Similar content being viewed by others
Explore related subjects
Discover the latest articles, news and stories from top researchers in related subjects.Avoid common mistakes on your manuscript.
Introduction
Methods of assessment of tumor response to treatment are a topic of great interest because of their importance for development of clinical trials. The major method in use for assessing response of high-grade brain tumors to therapy for the past few decades has been the Macdonald criteria, which uses the product of two perpendicular measurements in the largest area of contrast-enhancing tumor as a metric [1]. However, a number of deficiencies in use of these criteria have been noted [2, 3]. In an attempt to take some of these limitations into account, revised criteria have been suggested by the response assessment neuro-oncology (RANO) working group, which attempt to overcome some of the limitations of the Macdonald criteria [4]. However, the new criteria continue to employ bidimensional product (BP) of measurements of enhancing tumor (in addition to other features).

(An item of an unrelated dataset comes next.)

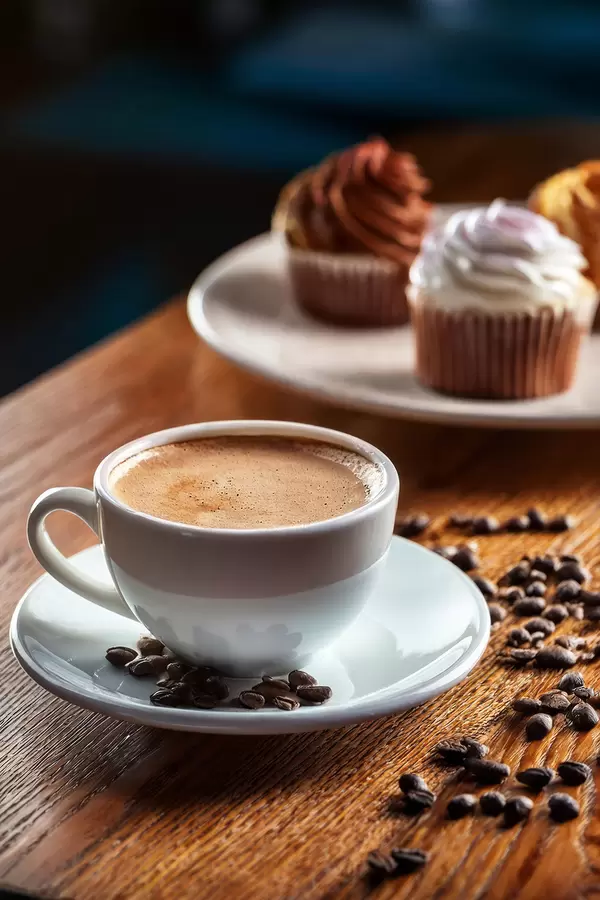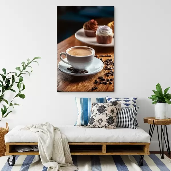 Glezna kafijas tase, kafijas pupiņas, kūkas, klusā daba Nr s40417

Techniques that are heavily reliant on manual measurements are subject to variability within, and between, observers. A major issue in any type of tumor measurement is the issue of reproducibility. In studies evaluating inter-observer variability in brain tumor measurements, poor inter-observer reproducibility has been shown [5, 6]. In a previous study, we found marker variability between observers of similar training in measuring BP measurements in a series of high-grade brain tumors [6]. Such variability resulted in marked differences between observers as to whether a tumor would have been judged as stable or showing progression.

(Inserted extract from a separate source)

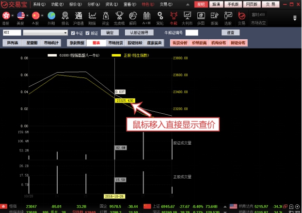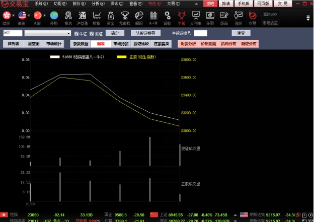 图表中,白色线是牛熊证走势,黄色线是正股走势,下面分别显示牛熊证成交量及正股成交量:

As opposed to inter-observer variability, the topic of intra-observer variability in measuring diameter of contrast-enhancing tumors has rarely been addressed [7]. Differences within measurements within the same observer also have the potential for affecting the determination as to whether a brain tumor is stable or has undergone progression. In the present study, we evaluated intra-observer variability in contrast-enhancing primary brain tumors.
Methods
Study population and entry criteria
Ten patients were randomly selected for inclusion in this study. Entry criteria included a previous MR scan that showed contrast-enhancing tumor, biopsy or surgery-proven diagnosis of high-grade (i.e., World Health Organization grade III or grade IV) glioma, and ability to provide informed consent. All patients underwent a second MR scan using the same imaging protocol within 12 weeks. This study was approved by the institutional review board (IRB) at our hospital. All patients provided informed consent. A waiver of informed consent was provided by our IRB to allow inclusion of observers as research subjects.

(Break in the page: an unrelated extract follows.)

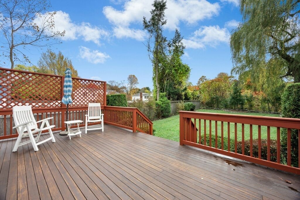 Appealing young Colonial, priced well below the assessed value, sited in the desirable Bridge School district. Set on a lovely, private 15,025 sf. lot, this home offers a blend of comfort, style, functionality. The inviting first floor features gleaming hardwood floors, extensive millwork & detail, and a flexible LR that can also serve as a home office with a wall of built-ins. Spacious FR is a true highlight, w/cozy fireplace and even more custom built-ins, ideal for everyday living and entertaining. Enjoy a private deck overlooking a peaceful backyard with/shed. Four upstairs bedrooms include a spacious main suite w/walk-in closet, private bath. Additional potential in the walk-up attic offers expansion possibilities. Improvements include: newer gas heating/cooling system, Rinnai hot water, washer and dryer for buyer. This home combines timeless appeal w/modern convenience in a sought-after neighborhood within walking distance of the Old Res for swimming/ice skating, walking trails.

Tumor imaging characteristics
All ten tumors chosen for the analysis were solitary. Three tumors had central regions of necrosis, five tumors had resection cavities, and two tumors had neither feature. Four tumors had ill-defined borders consistent with visible local infiltration and six tumors had discrete borders.
All scans were performed on a 1.5T MR scanner (GE Healthcare, Milwaukee, WI). The following scans included contrast-enhanced T1-weighted images (TR 480 ms, TE 14 ms) with 5 mm slices and 2.5 mm interslice gap and contrast-enhanced coronal T1-weighted SPGR images (TR 12 ms, TE 5 ms) with 1.2 mm slices. In eight patients, images were reconstructed in the sagittal plane at 1.6 mm contiguous slices from the coronal SPGR data set.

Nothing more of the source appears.